The CCAT consortium is in the process of constructing the Fred Young Submillimeter Telescope (FYST) that is to be put on Cerro Chajnantor in the Chilean Atacama Desert at 5600m. First light is planned for 2025. CCAT is a collaborative project involving Cornell University, the University of Cologne, the University of Bonn, Max-Planck-Institut für Astrophysik, and the Canadian Atacama Telescope Consortium. In the first years of operation, FYST will be equipped with two instruments: Prime-Cam, a modular receiver with up to seven science modules, and the CCAT Heterodyne Array Instrument (CHAI), which will operate in frequency ranges of 430-510 GHz and 800-835 GHz. The CCAT collaboration gathers the expertise of its consortium to address exciting astrophysical topics ranging from the formation of stars and the evolution of the interstellar medium (ISM) in the Milky Way and nearby galaxies to galaxies in the early Universe and cosmology.

The first-light instruments CHAI and Prime-Cam will generate around 5 petabytes of raw data over the first five years. To manage this substantial volume, the University of Cologne is developing the "CCAT Data Center" hosted at the Regional Computing Center (RRZK). The data center is currently focused on implementing pipelines for data transfer, storage, reduction, and quality assessment. For data processing, we plan to leverage the new RAMSES high-performance computer of the University of Cologne. We intend to monitor the entire data life cycle, from initial project definition through to observations, data reduction, and final science-ready data products and scientific publications, all within a single database. This will enable us to measure success and make informed adjustments at various stages. A web frontend will facilitate efficient data access and insight into the state of the telescope and projects.

In this talk, I will present shortly the CCAT project and its planned scientific endeavors. However, the main focus will be on introducing the “CCAT Data Center”. I will outline architecture plans for data transfer, data management, processing, and accessibility via a web frontend. Finally, I will highlight the challenges that we face in handling the data volume, including e.g. the data transfer from Chile to Cologne or the substantial processing needs for some of the projects.
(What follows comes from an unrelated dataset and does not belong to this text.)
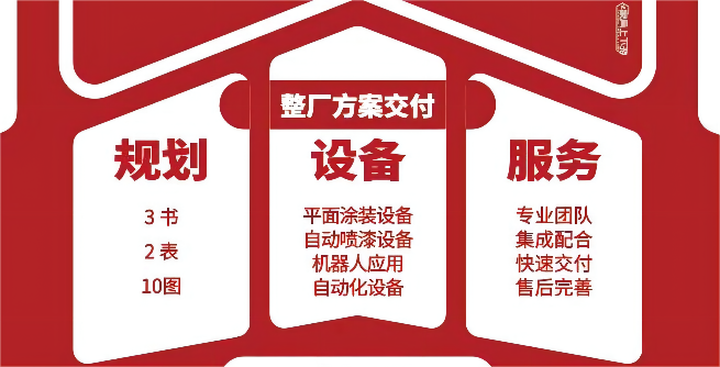 “服務”部分包括博碩團隊的前、中、后期服務,以及集成涂裝工廠必要的,諸如環(huán)保、吸塵、空氣壓縮等輔助設施及配套設備等。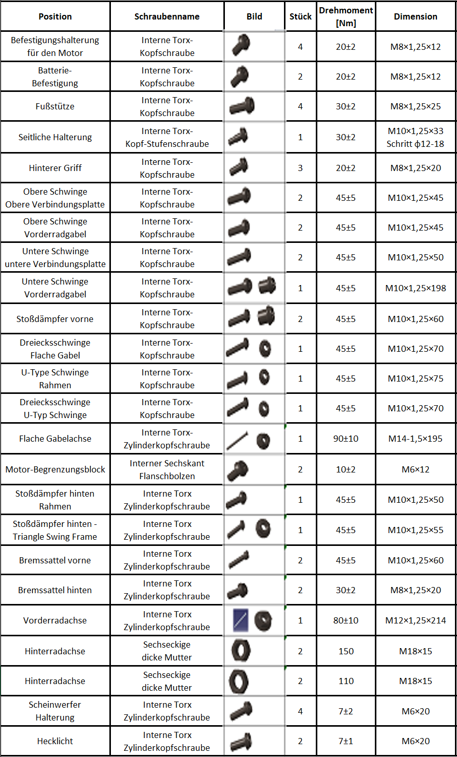 Zur Info. Hier sind die Angaben zu den Drehmomenten aller Schrauben:

The DRAO Solar Flux Monitoring Programme: Nearly 80 Years of Staring Directly at the Sun

Dave Del Rizzo

The National Research Council of Canada (NRC) has observed, recorded, and distributed the 10.7-cm Solar radio flux (F10.7) since 1947. During this time, the daily F10.7 measurements have become one of the most widely used indices of Solar activity, and a proxy for Solar properties that are not easily measured directly. Since 1990, the Solar Flux Monitoring programme has been located at the Dominion Radio Astrophysical Observatory (DRAO) near Penticton, BC, Canada, where the legacy infrastructure, including control, data pipeline, and data distribution systems are poised for a refresh. Plans are in place to introduce daily flux measurements at 5 additional frequencies, observed with a newly acquired 4-metre antenna and receiver system. We provide a brief history, description and status of the DRAO Solar Flux Monitoring Programme, and discuss exciting future updates to the overall system in the coming year.
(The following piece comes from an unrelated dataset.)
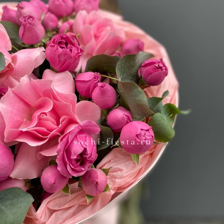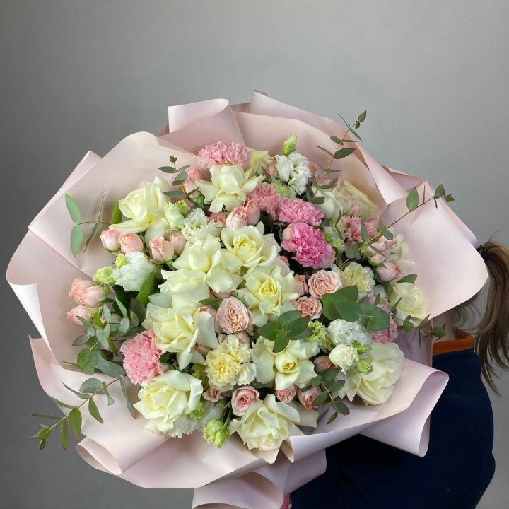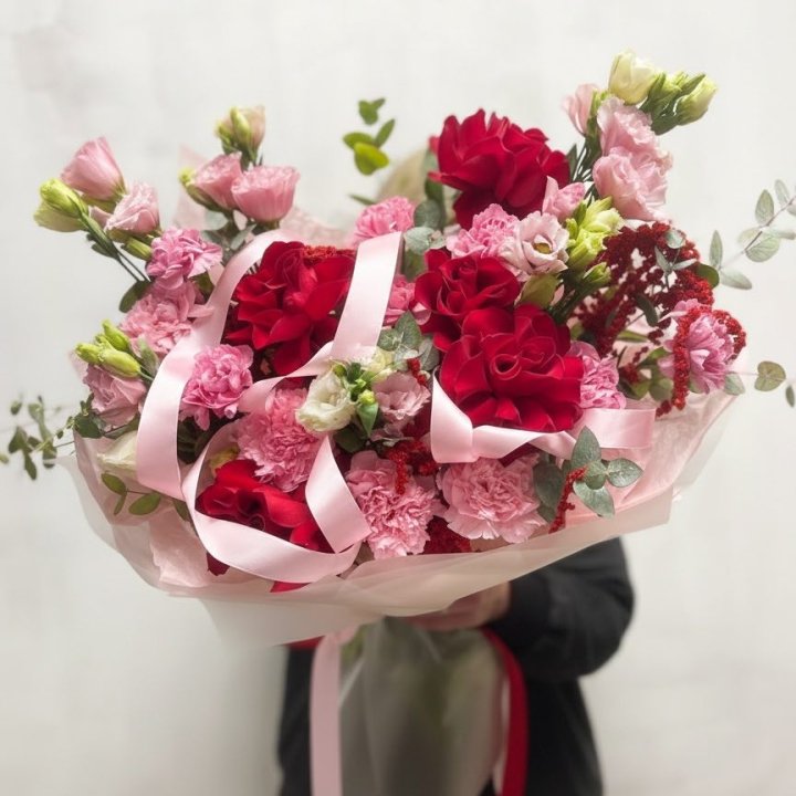 Зима и лето в Бийске — розы и хризантемы как основа. Эти виды стабильны в поставках круглый год. Флорист дополняет их сезонными акцентами: хвойные ветви зимой, открытая эустома летом. Сборный букет в любое время года выглядит живым и актуальным.

The Future of LOFAR Data Services

Sangeeth Kochanthara

LOFAR, the LOw Frequency Array, is a continent-scale radio telescope, based in the Netherlands and with stations across much of Europe. In operation now for more than a decade, LOFAR has an enviable track record of delivering fundamental scientific results across multitude of areas including lightning, exoplanets, solar, extragalactic, cosmic rays, ionosphere, pulsar & transients, and galaxies. ASTRON and its partners in the International LOFAR Telescope collaboration are now in the midst of upgrading the system to produce LOFAR2.0, an even more capable and flexible instrument that promises to continue this record for many years to come.
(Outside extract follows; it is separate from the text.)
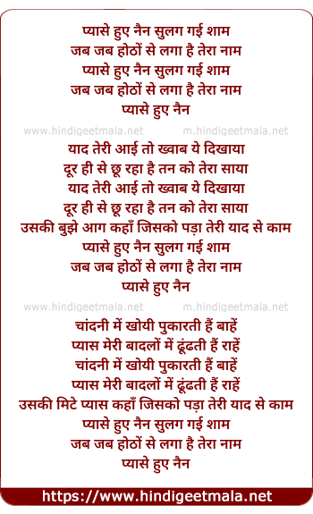 Lyrics of Pyase Huye Nain Sulag Gayi Sham, Jab Jab Hontho Se - प्यासे हुए नैन सुलग गई शाम,जब जब होठों से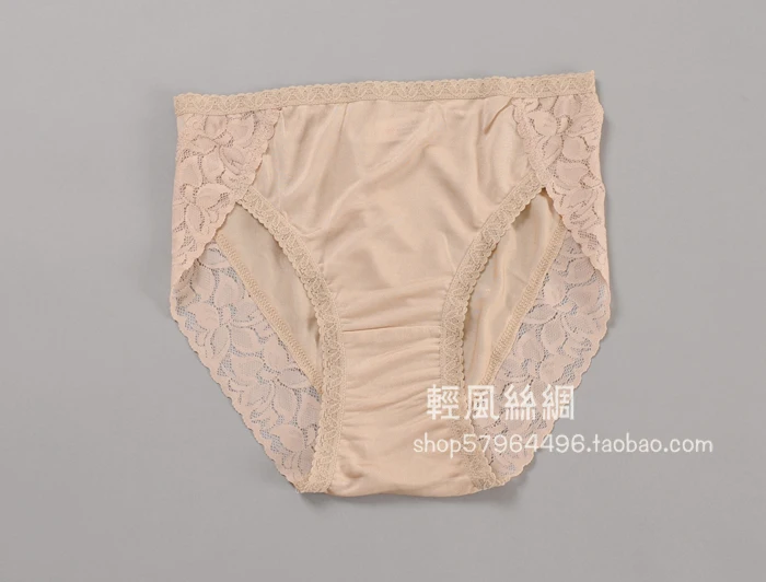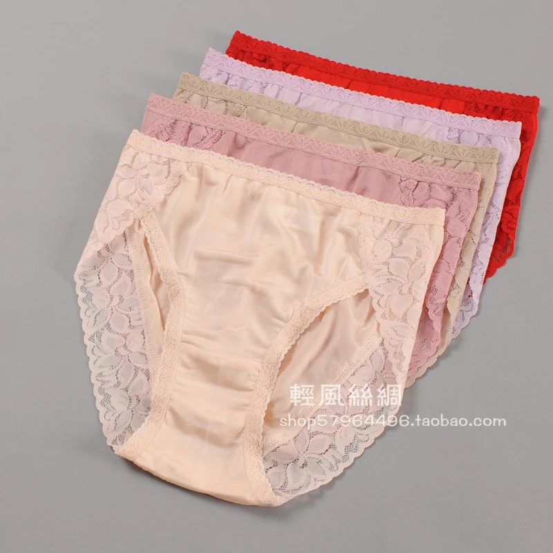 Лидер продаж, женские шелковые трусики, 100% натуральный шелк, кружевные украшения, сексуальные шелковые трикотажные Трусы со средней посадкой

Modern radio interferometers like LOFAR are extremely data intensive: the LOFAR Long Term Archive currently has around 60 PB under management, increasing at about 10 PB per year. The new LOFAR2.0 system is projected to be more than twice as data-intensive as the current one. Furthermore, we increasingly recognize that simply archiving instrumental data is no longer adequate: to fully realize the potential of this remarkable instrument, we need to provide a range of science-ready data products together with a compelling portfolio of data discovery tools as well as systems for batch processing and interactive data analysis.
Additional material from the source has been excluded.